*** Opening of Data segment ***

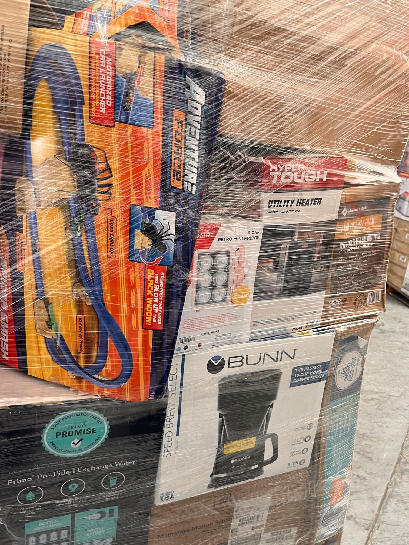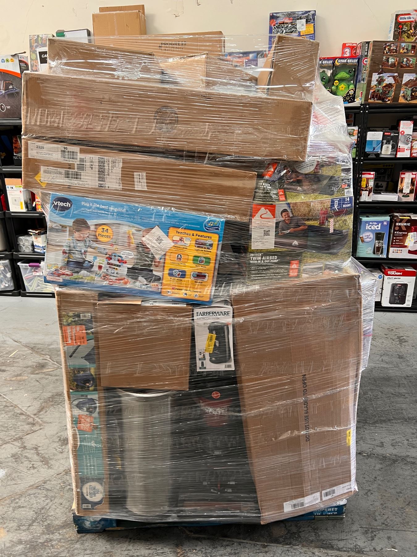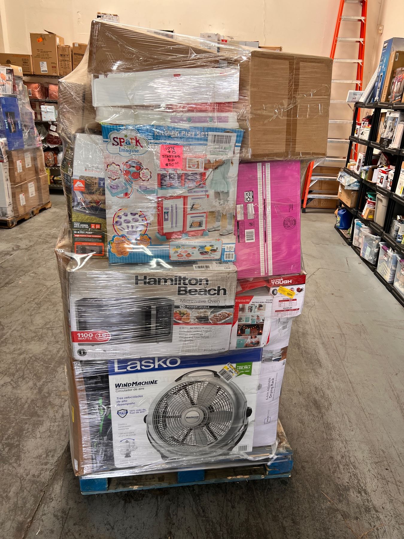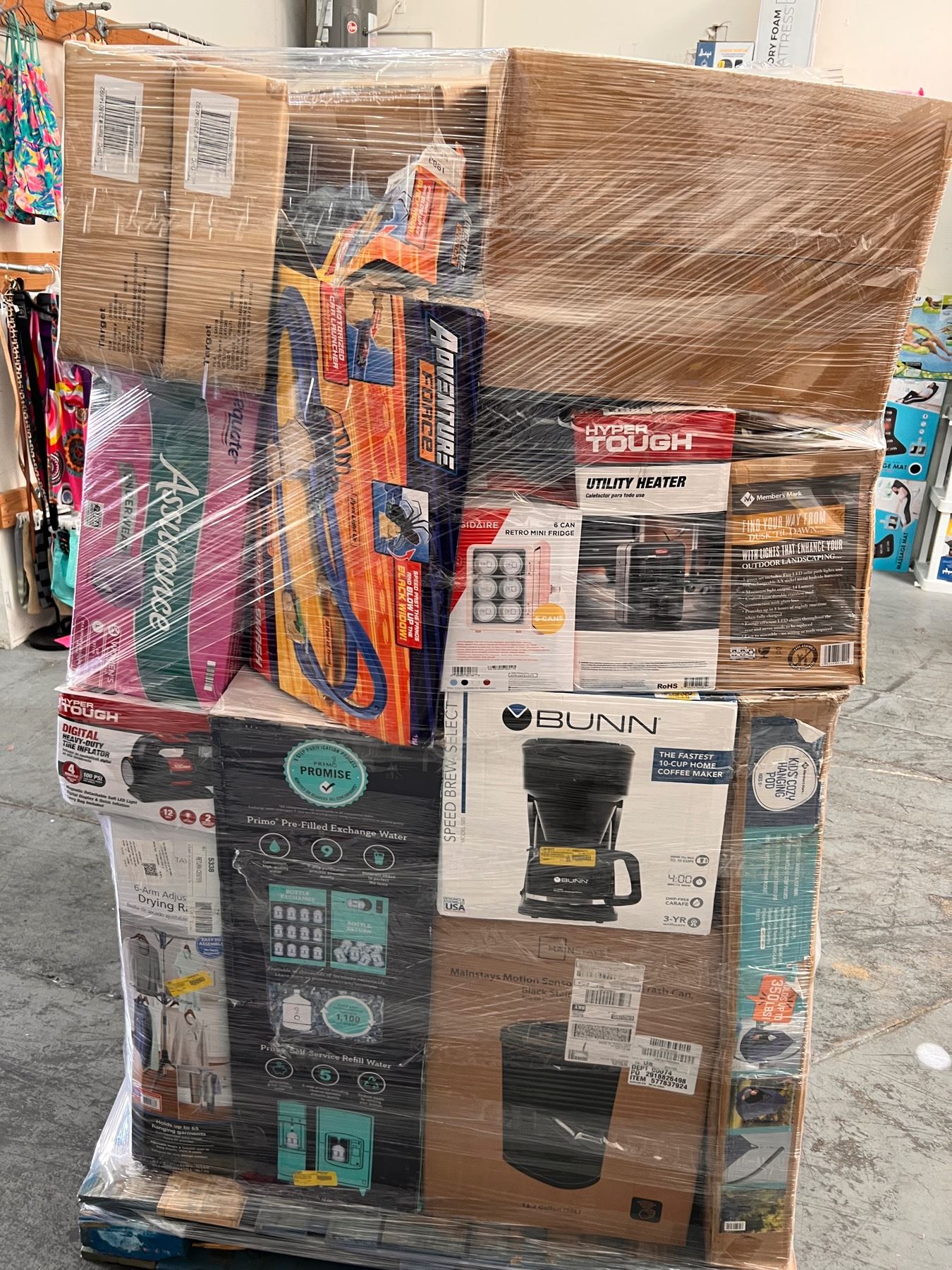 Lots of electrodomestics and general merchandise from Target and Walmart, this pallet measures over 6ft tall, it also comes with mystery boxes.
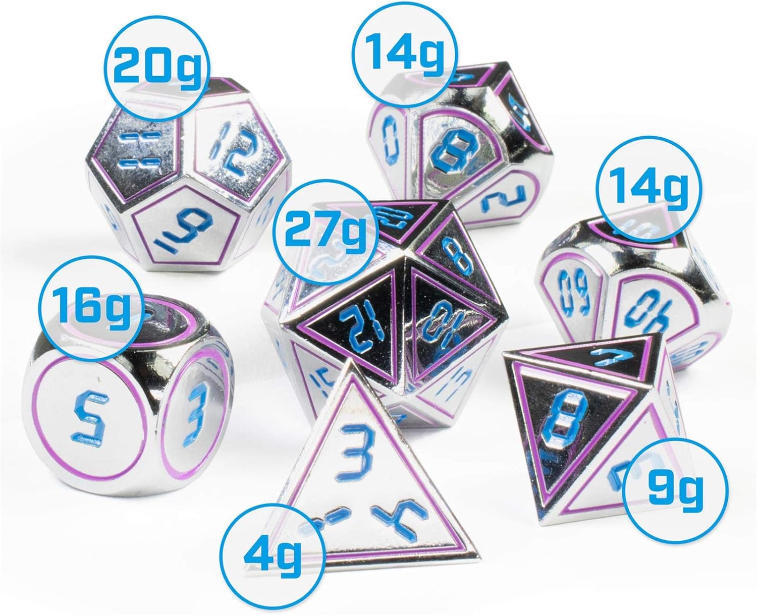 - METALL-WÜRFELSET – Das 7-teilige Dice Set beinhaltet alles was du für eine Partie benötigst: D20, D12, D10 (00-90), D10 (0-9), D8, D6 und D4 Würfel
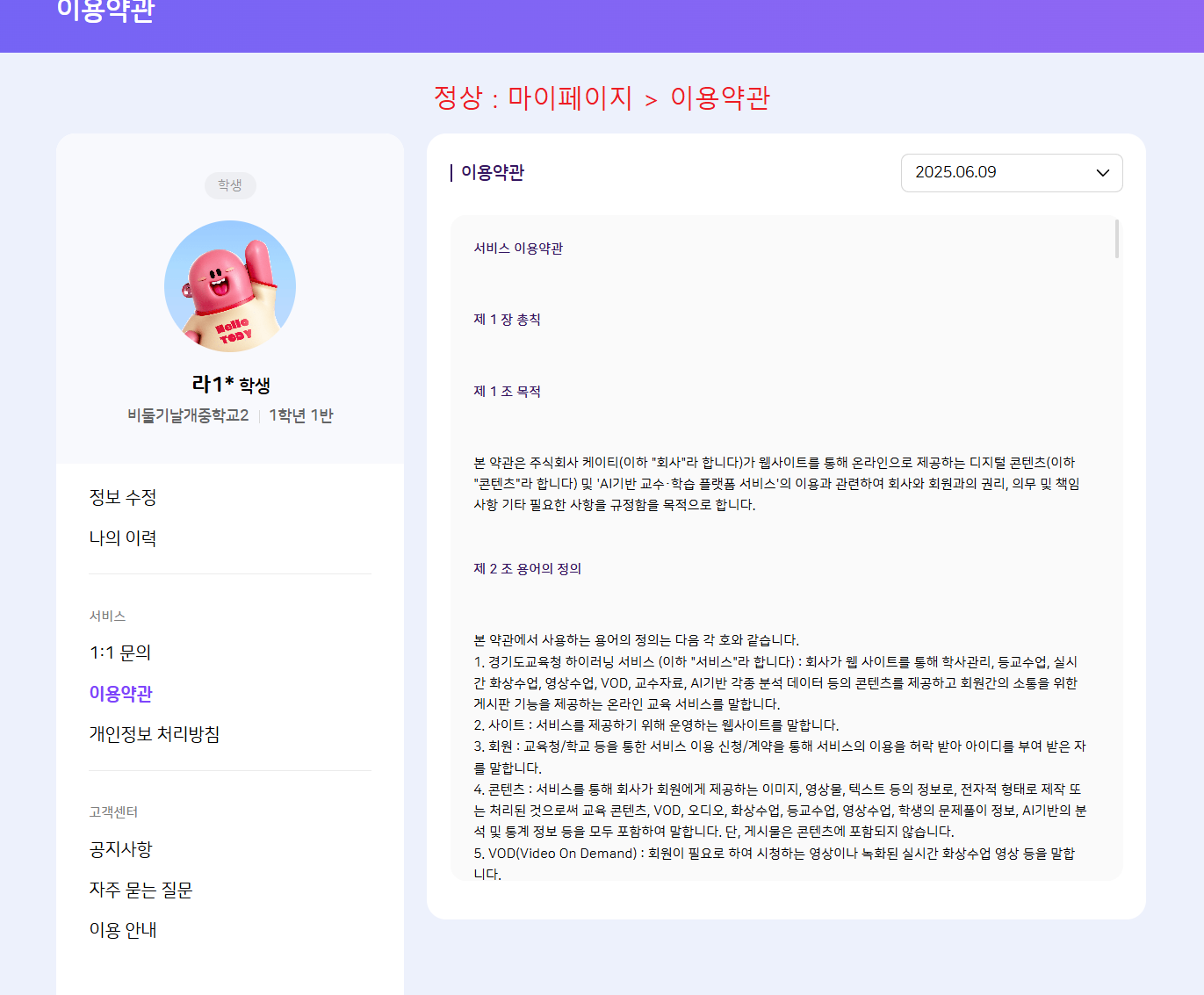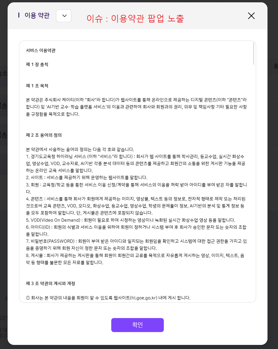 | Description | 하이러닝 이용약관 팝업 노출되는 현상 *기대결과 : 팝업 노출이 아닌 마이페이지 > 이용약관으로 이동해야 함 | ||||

*** Close of Data segment ***

Problem: Print out the material verbatim, skipping pictures.

Output of the exercise:
 Lots of electrodomestics and general merchandise from Target and Walmart, this pallet measures over 6ft tall, it also comes with mystery boxes.
 - METALL-WÜRFELSET – Das 7-teilige Dice Set beinhaltet alles was du für eine Partie benötigst: D20, D12, D10 (00-90), D10 (0-9), D8, D6 und D4 Würfel
 | Description | 하이러닝 이용약관 팝업 노출되는 현상 *기대결과 : 팝업 노출이 아닌 마이페이지 > 이용약관으로 이동해야 함 | ||||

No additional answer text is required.